■ Task to complete: In the listing below, the lines starting at the line with "<p>View of the" and ending at the line with "Le tout dans" are to be output verbatim. Images stay out of the copy.

■ Data extracts:

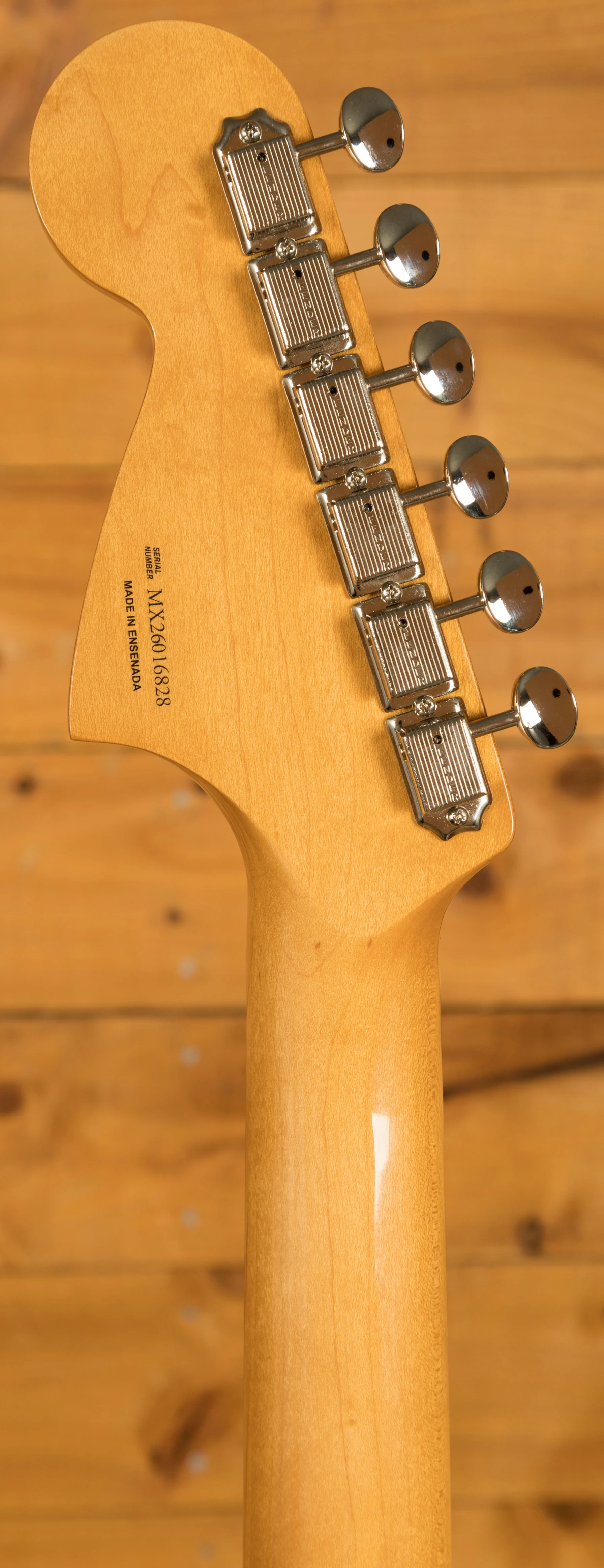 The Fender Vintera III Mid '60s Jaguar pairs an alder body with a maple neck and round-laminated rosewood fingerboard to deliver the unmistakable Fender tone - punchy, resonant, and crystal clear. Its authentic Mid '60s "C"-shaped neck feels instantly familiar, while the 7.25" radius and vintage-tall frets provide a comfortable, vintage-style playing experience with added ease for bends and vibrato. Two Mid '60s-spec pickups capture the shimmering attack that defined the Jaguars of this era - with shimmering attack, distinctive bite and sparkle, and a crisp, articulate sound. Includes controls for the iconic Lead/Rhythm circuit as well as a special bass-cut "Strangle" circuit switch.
* * *
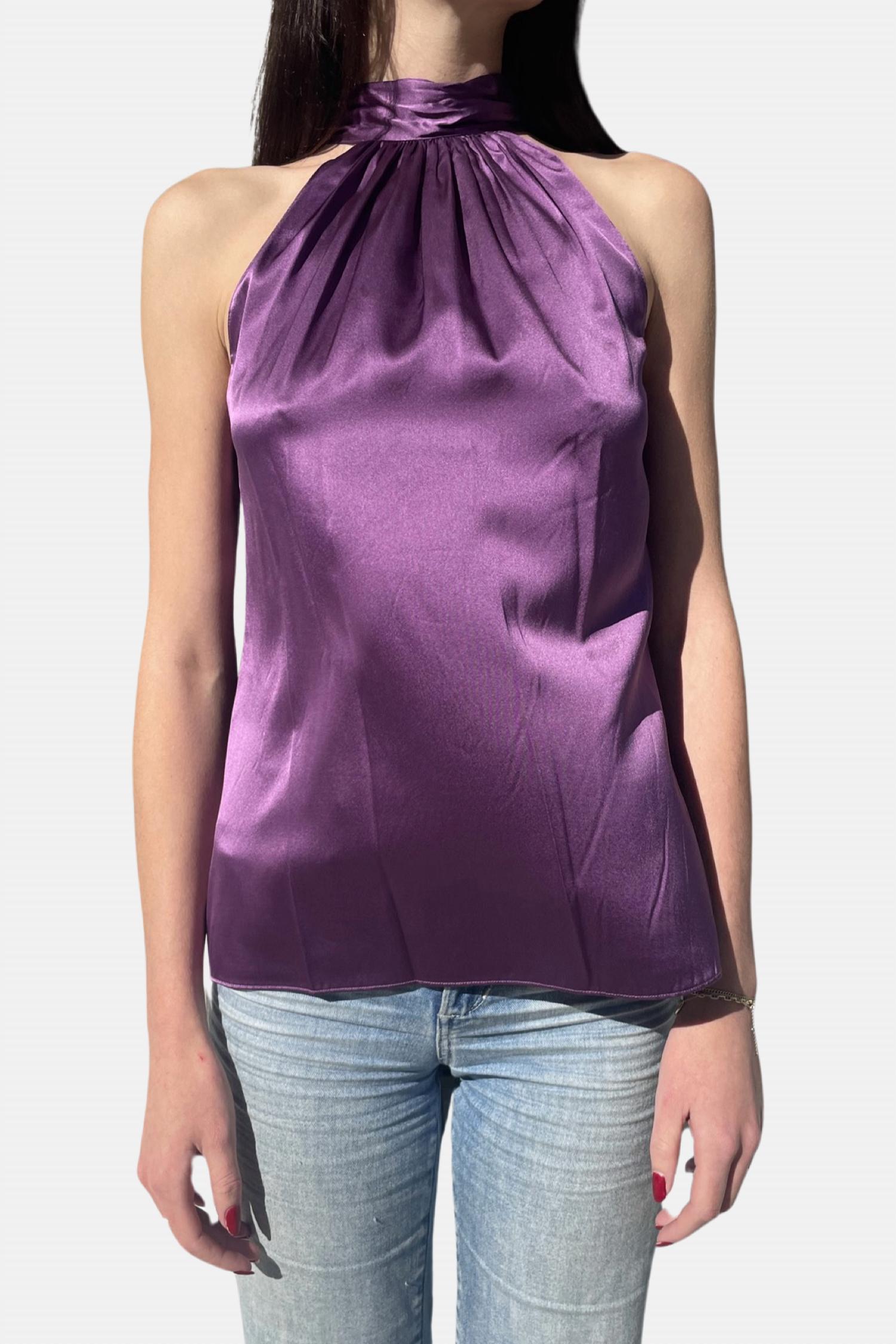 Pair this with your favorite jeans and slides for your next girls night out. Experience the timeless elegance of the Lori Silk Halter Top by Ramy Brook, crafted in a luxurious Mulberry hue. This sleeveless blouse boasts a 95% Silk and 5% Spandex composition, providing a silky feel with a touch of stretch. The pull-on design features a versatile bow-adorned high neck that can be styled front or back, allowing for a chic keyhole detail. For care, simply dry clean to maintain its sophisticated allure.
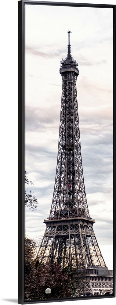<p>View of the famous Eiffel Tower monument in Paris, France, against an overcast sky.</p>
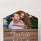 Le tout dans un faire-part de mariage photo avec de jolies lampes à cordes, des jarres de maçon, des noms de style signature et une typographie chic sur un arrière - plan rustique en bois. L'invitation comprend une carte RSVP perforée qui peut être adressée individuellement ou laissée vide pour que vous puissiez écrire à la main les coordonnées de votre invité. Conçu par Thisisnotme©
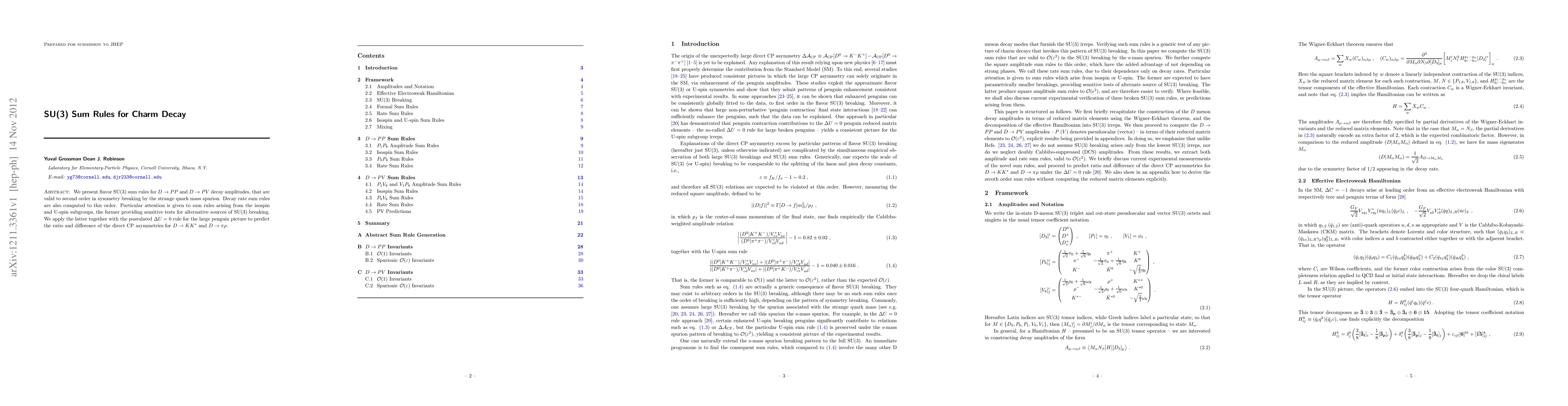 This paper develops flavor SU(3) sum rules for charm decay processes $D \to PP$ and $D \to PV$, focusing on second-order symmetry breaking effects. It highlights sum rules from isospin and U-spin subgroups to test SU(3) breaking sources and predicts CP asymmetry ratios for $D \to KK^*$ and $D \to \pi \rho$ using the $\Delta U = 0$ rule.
* * *
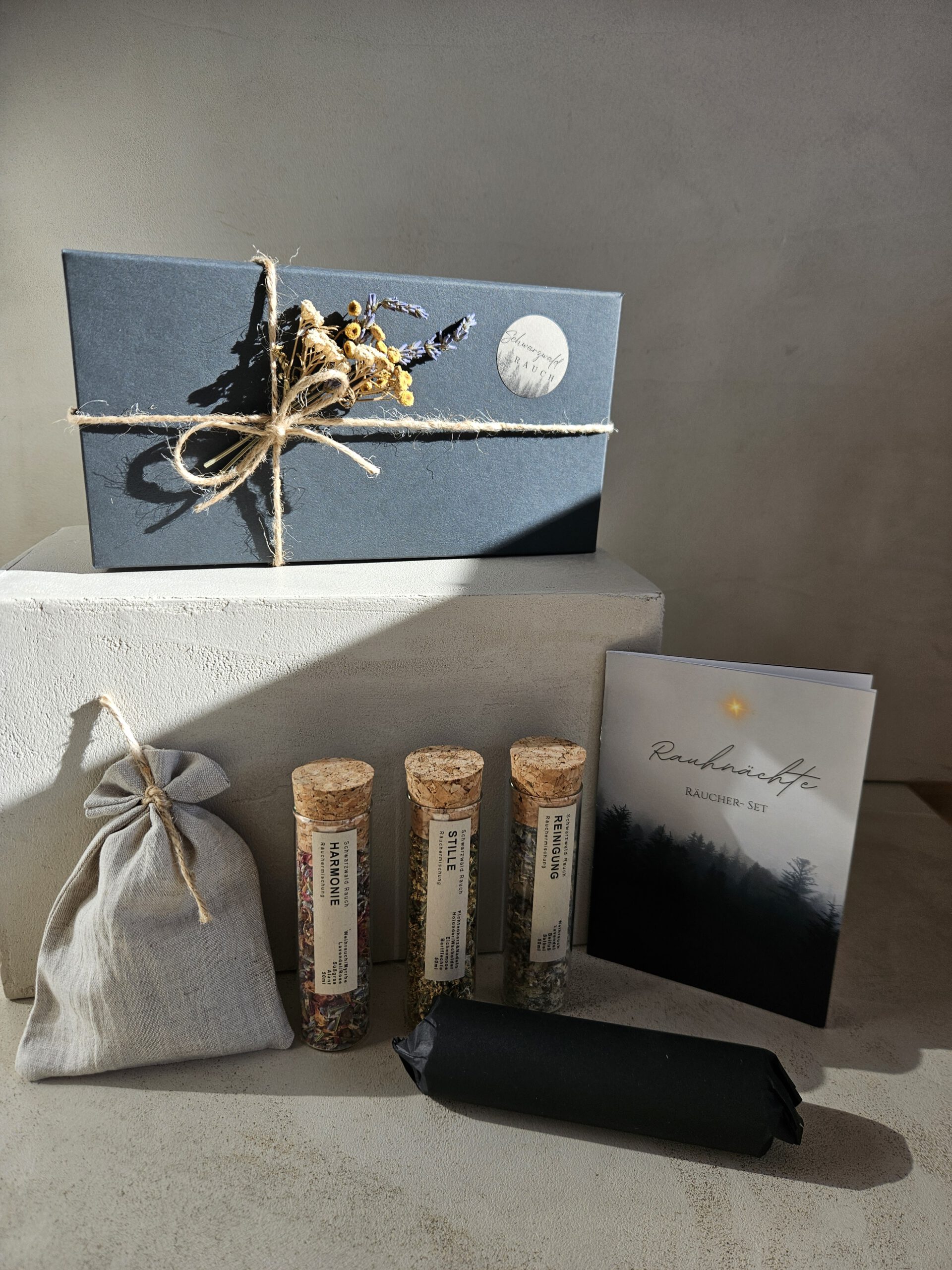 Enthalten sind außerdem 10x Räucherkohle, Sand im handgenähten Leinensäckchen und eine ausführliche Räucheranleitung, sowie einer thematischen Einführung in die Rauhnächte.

■ Response box:
<p>View of the famous Eiffel Tower monument in Paris, France, against an overcast sky.</p>
 Le tout dans un faire-part de mariage photo avec de jolies lampes à cordes, des jarres de maçon, des noms de style signature et une typographie chic sur un arrière - plan rustique en bois. L'invitation comprend une carte RSVP perforée qui peut être adressée individuellement ou laissée vide pour que vous puissiez écrire à la main les coordonnées de votre invité. Conçu par Thisisnotme©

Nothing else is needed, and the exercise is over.